- [WHAT THE TASK REQUIRES] Word for word, restate the line containing "伤病专家斯托茨表示,阑尾切除" and all the lines that come after it in the entries below. Include nothing from before it.

- [Source records]

★ ★ ★ ★ ★

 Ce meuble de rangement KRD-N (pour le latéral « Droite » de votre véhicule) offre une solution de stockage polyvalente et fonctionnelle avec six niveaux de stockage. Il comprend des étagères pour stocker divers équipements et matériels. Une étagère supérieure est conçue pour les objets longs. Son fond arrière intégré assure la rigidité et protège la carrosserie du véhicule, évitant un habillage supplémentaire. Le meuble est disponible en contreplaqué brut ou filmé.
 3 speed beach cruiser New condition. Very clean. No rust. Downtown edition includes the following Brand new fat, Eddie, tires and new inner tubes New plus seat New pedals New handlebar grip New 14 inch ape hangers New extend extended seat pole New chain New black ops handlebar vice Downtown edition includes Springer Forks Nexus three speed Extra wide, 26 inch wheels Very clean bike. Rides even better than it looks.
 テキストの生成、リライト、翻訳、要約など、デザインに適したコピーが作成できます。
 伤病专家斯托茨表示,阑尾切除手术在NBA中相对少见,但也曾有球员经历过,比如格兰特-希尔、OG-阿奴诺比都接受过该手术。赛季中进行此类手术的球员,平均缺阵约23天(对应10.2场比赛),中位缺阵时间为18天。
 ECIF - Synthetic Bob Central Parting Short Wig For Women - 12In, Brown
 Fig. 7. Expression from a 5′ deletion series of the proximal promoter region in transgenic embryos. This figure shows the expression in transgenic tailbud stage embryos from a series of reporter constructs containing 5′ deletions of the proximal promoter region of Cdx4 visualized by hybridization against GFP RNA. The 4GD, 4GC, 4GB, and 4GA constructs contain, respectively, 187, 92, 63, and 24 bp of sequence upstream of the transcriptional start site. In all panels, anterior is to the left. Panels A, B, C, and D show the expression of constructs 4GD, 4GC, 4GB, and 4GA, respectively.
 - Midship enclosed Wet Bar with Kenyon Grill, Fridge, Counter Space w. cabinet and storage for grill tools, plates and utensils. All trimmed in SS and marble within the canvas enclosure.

★ ★ ★ ★ ★

- [OUTPUT FOR THIS TASK]
 伤病专家斯托茨表示,阑尾切除手术在NBA中相对少见,但也曾有球员经历过,比如格兰特-希尔、OG-阿奴诺比都接受过该手术。赛季中进行此类手术的球员,平均缺阵约23天(对应10.2场比赛),中位缺阵时间为18天。
 ECIF - Synthetic Bob Central Parting Short Wig For Women - 12In, Brown
 Fig. 7. Expression from a 5′ deletion series of the proximal promoter region in transgenic embryos. This figure shows the expression in transgenic tailbud stage embryos from a series of reporter constructs containing 5′ deletions of the proximal promoter region of Cdx4 visualized by hybridization against GFP RNA. The 4GD, 4GC, 4GB, and 4GA constructs contain, respectively, 187, 92, 63, and 24 bp of sequence upstream of the transcriptional start site. In all panels, anterior is to the left. Panels A, B, C, and D show the expression of constructs 4GD, 4GC, 4GB, and 4GA, respectively.
 - Midship enclosed Wet Bar with Kenyon Grill, Fridge, Counter Space w. cabinet and storage for grill tools, plates and utensils. All trimmed in SS and marble within the canvas enclosure.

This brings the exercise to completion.